Fortunately, I’ve become friends with quite a few middle school teachers over the years and they offer these tips for your child transitioning to middle school.
Is it right-left-right, or left-right-left? When you only have a few minutes between classes you won’t have time to fight with your lock. Keep the combination written somewhere safe and handy, perhaps your school agenda or even in your back pocket.
Many school districts have multiple elementary schools feeding into one middle school. This means your BFF since first grade may no longer be your BFF in middle school. A new school and new opportunities can feel overwhelming at first, and old friends might temporarily be pushed aside. If you don’t have classes scheduled with your old friend, plan time to get together on weekends or during after school activities.
Your mom can’t walk you in to class on the first day like she did in kindergarten, so attend school orientation days or ask to schedule a tour over the summer. Don’t depend on older siblings to guide you around either, they will be busy themselves getting to their new classrooms.
And two specific tips for parents:
Preteen boys, and a few girls, tend to think a heavy dose of cologne or fragrant deodorant is a good enough substitute for a daily shower (it's not). Remember that middle school is often the beginning of social awareness and the desire to fit in socially is intense.
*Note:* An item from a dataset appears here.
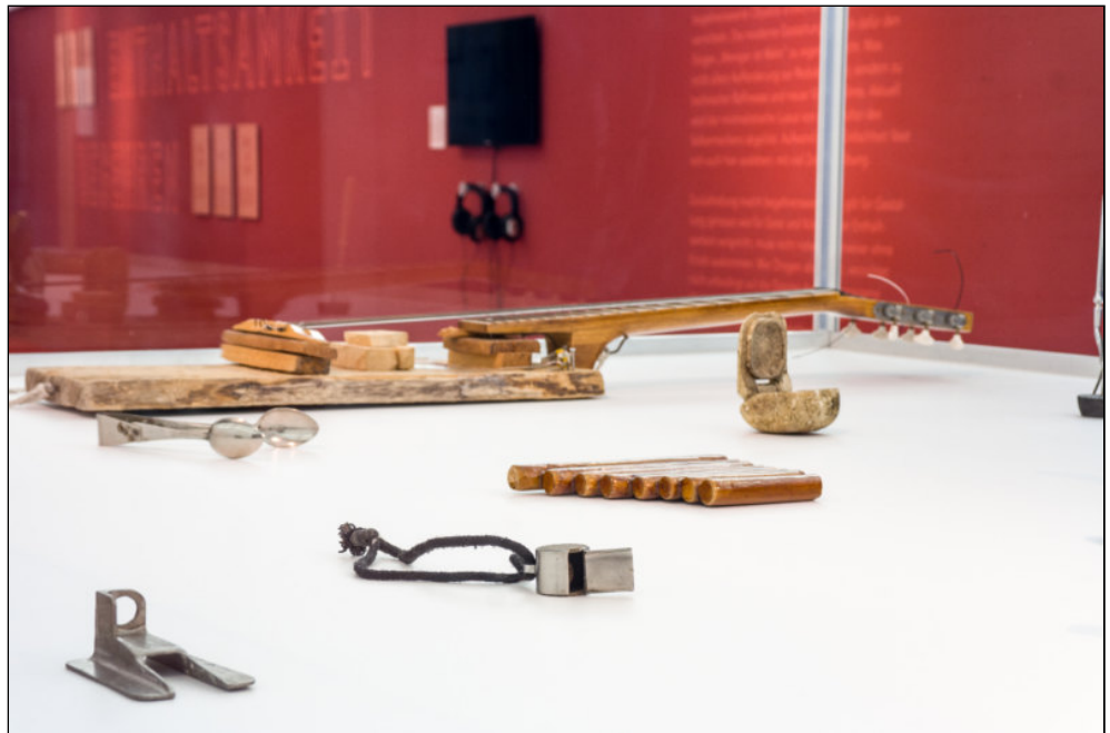
Abb. 2: Vladimir Arkhipov: Museum of the Handmade Object, 16 Objekte, ca. 1947– 2007; Courtesy Vladimir Arkhipov; Ausstellungsansicht Vögele Kultur Zentrum, „Mehr von Weniger“, Mai – September 2015; Foto: Felix Sattler/Exponenten.

No one wants to be known as the stinky kid.
Parents of younger kids think nothing of calling up the other family to discuss a playground incident, but now is the time for children to learn to navigate social norms on their own. Middle schoolers are just beginning to learn to express themselves appropriately, so events can sometimes be exaggerated to make them more interesting or to downplay their own role in a situation. Unless the incident is an act of bullying or seems to be escalating, it’s usually best to let the kids work it out themselves.
But please keep in touch with your child's teachers and make them aware of any issues in an effort to best equip them to teach your child. Let them know whether a phone call or email is the best way to reach you and whether it’s acceptable to call during your workday. Some schools offer text messaging or automated calls for upcoming event reminders. Be sure to sign up for any parent connect system your school uses to stay on top of grades and to prevent any unexpected report card meltdowns – both by student and parent.
It’s going to be okay! Your baby is growing up and becoming more independent. This is a time of big changes, but with love, guidance, and patience both you and your child will make it through middle school, and on to a new set of challenges in high school!